== Segment start ==

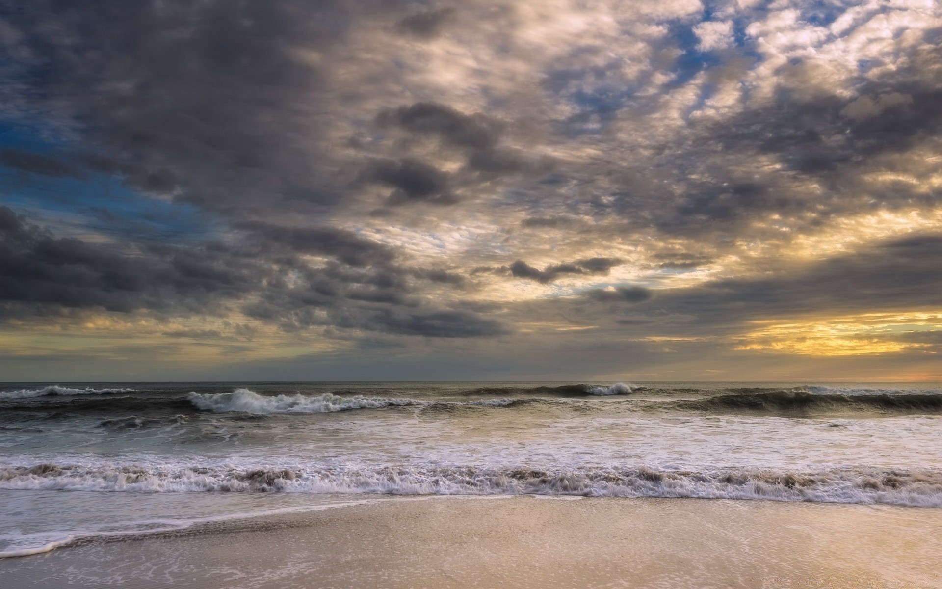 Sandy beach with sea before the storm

== Segment end ==
== Segment start ==

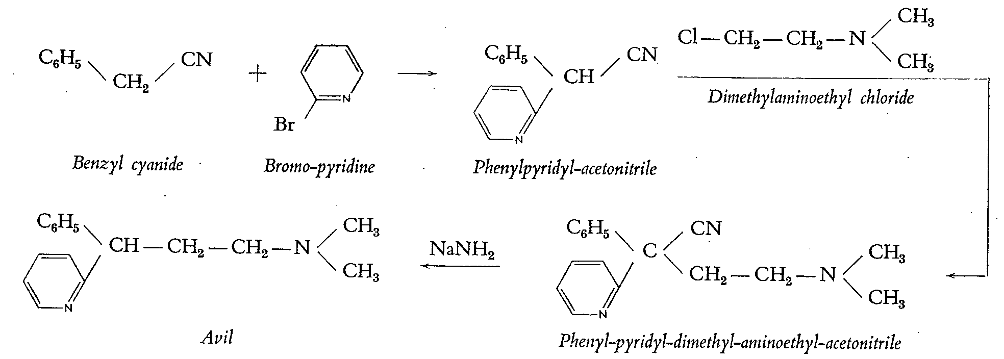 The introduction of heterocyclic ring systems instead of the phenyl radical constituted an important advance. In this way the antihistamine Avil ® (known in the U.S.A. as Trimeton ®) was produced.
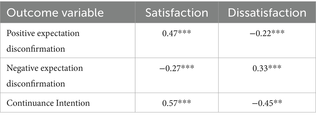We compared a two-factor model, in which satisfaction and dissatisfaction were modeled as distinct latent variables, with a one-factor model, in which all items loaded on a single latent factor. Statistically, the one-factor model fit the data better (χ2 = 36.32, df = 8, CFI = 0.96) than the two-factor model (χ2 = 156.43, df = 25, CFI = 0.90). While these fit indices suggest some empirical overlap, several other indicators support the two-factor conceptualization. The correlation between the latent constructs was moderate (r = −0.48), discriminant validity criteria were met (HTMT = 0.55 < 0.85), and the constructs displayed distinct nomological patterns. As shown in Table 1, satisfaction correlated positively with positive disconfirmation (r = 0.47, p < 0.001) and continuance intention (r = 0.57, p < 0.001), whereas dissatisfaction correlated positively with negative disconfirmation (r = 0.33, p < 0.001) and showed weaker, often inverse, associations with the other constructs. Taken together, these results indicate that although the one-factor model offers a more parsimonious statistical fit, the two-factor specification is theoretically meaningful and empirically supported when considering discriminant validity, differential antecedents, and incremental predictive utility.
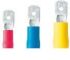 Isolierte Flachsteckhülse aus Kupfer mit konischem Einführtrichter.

== Segment end ==
== Segment start ==

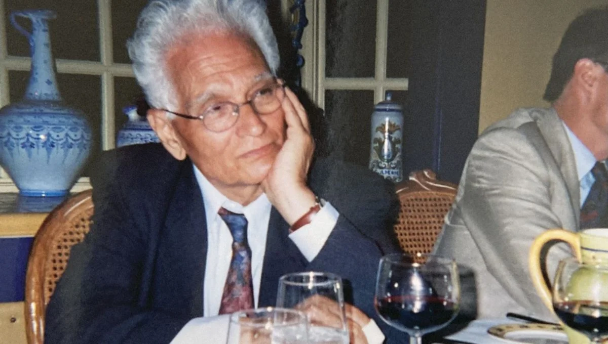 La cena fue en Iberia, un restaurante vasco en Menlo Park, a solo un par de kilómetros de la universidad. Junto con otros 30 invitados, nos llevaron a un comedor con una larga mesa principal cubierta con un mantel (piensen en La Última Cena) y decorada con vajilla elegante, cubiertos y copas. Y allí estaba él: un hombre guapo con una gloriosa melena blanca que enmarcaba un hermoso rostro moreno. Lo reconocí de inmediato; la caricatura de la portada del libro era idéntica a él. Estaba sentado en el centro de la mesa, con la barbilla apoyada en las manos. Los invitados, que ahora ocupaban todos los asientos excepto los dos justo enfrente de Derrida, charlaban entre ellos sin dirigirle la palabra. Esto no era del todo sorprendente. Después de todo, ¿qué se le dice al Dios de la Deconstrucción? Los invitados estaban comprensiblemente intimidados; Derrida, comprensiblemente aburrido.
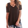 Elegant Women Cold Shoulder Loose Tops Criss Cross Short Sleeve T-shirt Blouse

== Segment end ==

*Task statement*
From the line with "La cena fue" up to and including the line with "Elegant Women Cold" above, retype every line exactly and nothing more; leave out the pictures.

*Answer space*
 La cena fue en Iberia, un restaurante vasco en Menlo Park, a solo un par de kilómetros de la universidad. Junto con otros 30 invitados, nos llevaron a un comedor con una larga mesa principal cubierta con un mantel (piensen en La Última Cena) y decorada con vajilla elegante, cubiertos y copas. Y allí estaba él: un hombre guapo con una gloriosa melena blanca que enmarcaba un hermoso rostro moreno. Lo reconocí de inmediato; la caricatura de la portada del libro era idéntica a él. Estaba sentado en el centro de la mesa, con la barbilla apoyada en las manos. Los invitados, que ahora ocupaban todos los asientos excepto los dos justo enfrente de Derrida, charlaban entre ellos sin dirigirle la palabra. Esto no era del todo sorprendente. Después de todo, ¿qué se le dice al Dios de la Deconstrucción? Los invitados estaban comprensiblemente intimidados; Derrida, comprensiblemente aburrido.
 Elegant Women Cold Shoulder Loose Tops Criss Cross Short Sleeve T-shirt Blouse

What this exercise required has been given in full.